Wednesday, 25 May 2016

AVROM VAYSBROD

AVROM VAYSBROD (November 21, 1907-September 1980)
            He was born in Skalat, Tarnopol district, eastern Galicia.  He studied in religious elementary school and in public school.  He lived in Skalat until 1931 and he was active there in Hitaḥdut (the “union” of young Zionists).  From the beginning of WWI until June 1941, he was in Lemberg.  He was deported by the Nazis from that ghetto to the Yanov (Janów Podlaski) concentration camp, and he was also in other camps, before being liberated in 1945.  He lived in Lodz until 1946 and then Munich.  From 1948 he was in the United States.  He authored the book: Es shtarbt a shtetl, megiles skalat (A town dies, chronicle of Skalat) (Munich, 1948), 184 pp., with a foreword by Yisroel Kaplan.[1]  This book was the first publication of the central historical commission with the central committee of the liberated Jews in the American zone in Germany.  Chapters of his book were published earlier in the anthology, Fun letstn khurbn (From the last destruction) (Munich, 1947-1948), Al hamishmar (On guard) (Tel Aviv), and other Yiddish and Hebrew newspaper.  He died in Lakewood, New Jersey.

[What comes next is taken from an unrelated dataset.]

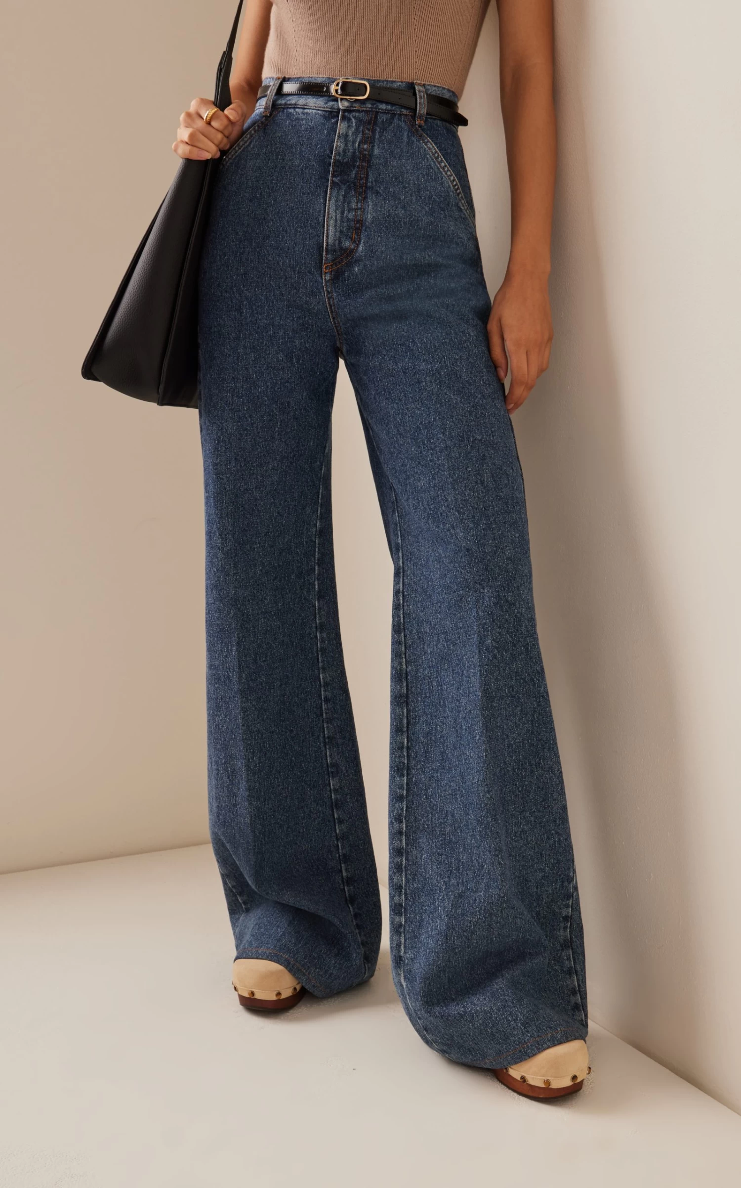These wide-leg jeans are high rise with a slightly flared silhouette. Wear yours with a leather belt and tucked in top for an effortless weekend look.

Sources: Y. Goldkorn, in Bafrayung (Munich) (September 17, 1948); Y. Freylikh, in Unzer veg (New York) (October 1, 1949); Libe Sh. Davidovitsh, in Tsukunft (New York) (March 1950).




[1] There is an English translation by Lusia Milch and Joseph Kofler, The Death of a Shtetl (1995), and a Hebrew translation by Shimʻon Gelbets from the English, Skalat, mota shel ayara (Tel Aviv, 2002)—JAF.